File metadata and controls

377 lines (281 loc) · 19.1 KB

INSPIRE REST API

INSPIRE is a trusted community hub that helps researchers to share and find accurate scholarly information in high energy physics. In addition to a regular web interface for interactive access to its content, a REST API is provided for programmatic access. The present document explains how to use this REST API.

If you use the API in a scholarly work, please cite it using the following metadata:

@article{Moskovic:2021zjs,
    author = "Moskovic, Micha",
    title = "{The INSPIRE REST API}",
    url = "https://github.com/inspirehep/rest-api-doc",
    doi = "10.5281/zenodo.5788550",
    month = "12",
    year = "2021"
}

Questions and comments

If you have any issues using the API, would like some help, or have some suggestions for improving the API or its documentation, please open an issue or contact us.

Terms of use

Usage of the API is governed by our terms of use. As explained there in more detail, most of the metadata is available under a CC0 license, but restrictions apply to some fields, and bulk collection of email addresses is not allowed.

API Overview

The API is generally RESTful and returns results in JSON by default. This means for example that it will return a 404 HTTP status code if a record can't be found.
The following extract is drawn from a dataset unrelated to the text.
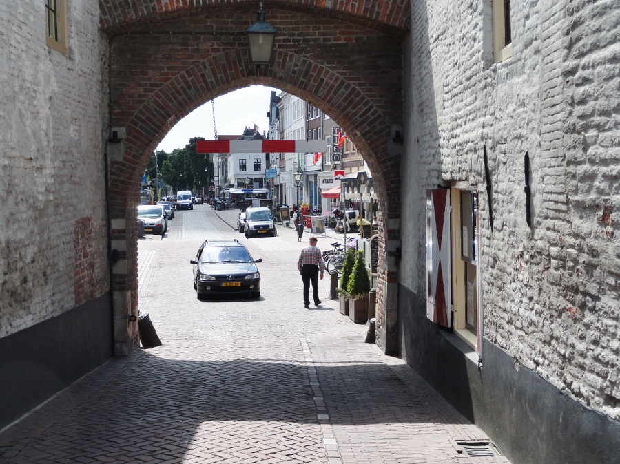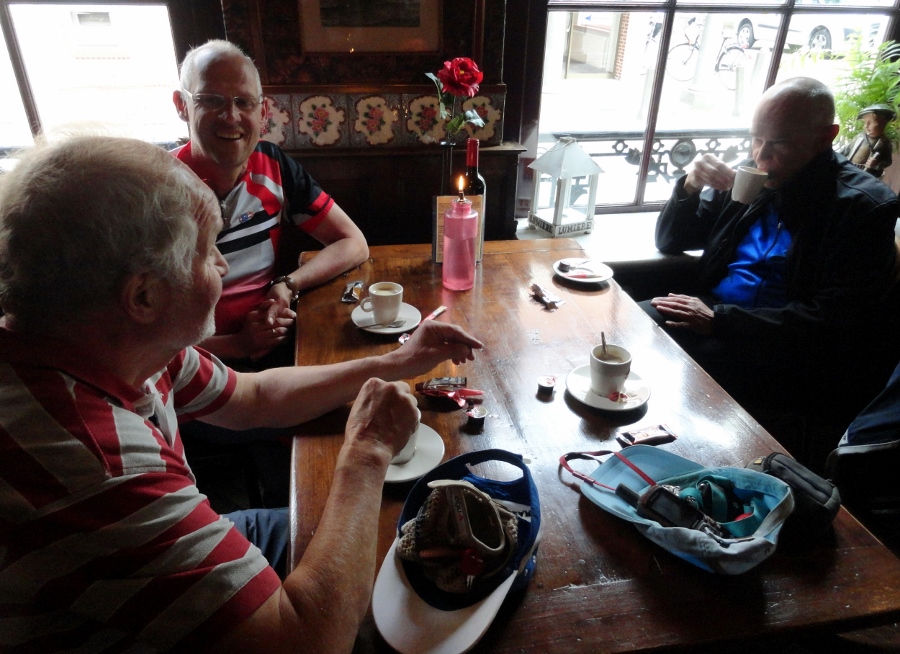 Rond half twaalf zitten we aan de koffie op het terras van Stadscafé aan de Markt van Zaltbommel, nadat de NS ons met de fietsen in deze stad heeft gebracht.

In general, most pages you get through the website have a corresponding representation in the API obtained by prefixing the path component of the URL with /api/. For example, the data displayed at

https://inspirehep.net/literature?sort=mostrecent&size=25&page=1&q=title api

is available through the API at

https://inspirehep.net/api/literature?sort=mostrecent&size=25&page=1&q=title api

Currently only read-only operations on records are allowed and they all use the GET HTTP method.

Note that all examples are displayed in a human-readable way, but the query parameters often need to be URL-encoded. In particular, spaces need to be replaced by %20.

Rate limiting

In order to avoid overwhelming the server, we enforce rate limits per IP address: every IP address is allowed 15 requests in a 5s window. If you exceed those limits, you will receive a response with HTTP status code 429. Please note that requests that are blocked due to exceeding the rate limit count towards the quota, so you'll need to wait at least 5s when receiving a 429 response before trying again.

Obtaining a record

To get the metadata in a single record, use the following type of URL:

https://inspirehep.net/api/{identifier-type}/{identifier-value}

Two main categories of record identifiers (that is pairs of {identifier-type} and {identifier-value}) are supported.

Internal identifiers

These are the same identifiers as appear in the URLs on the website and can also be used for searching. The {identifier-type} can take the following values:

  • literature
  • authors
  • institutions
  • conferences
  • seminars
  • journals
  • jobs
  • experiments
  • data

and the {identifier-value} is a number identifying the given record in the INSPIRE database (also called record ID or recid). For example,

https://inspirehep.net/api/literature/451647

is the record of Maldacena's famous AdS/CFT paper, whereas

https://inspirehep.net/api/conferences/1642486

is the record of the ICHEP 2018 conference.

External identifiers

These are persistent identifiers that were not assigned by INSPIRE but nevertheless uniquely identify a record in INSPIRE (if a record for the corresponding identifier exists in the system).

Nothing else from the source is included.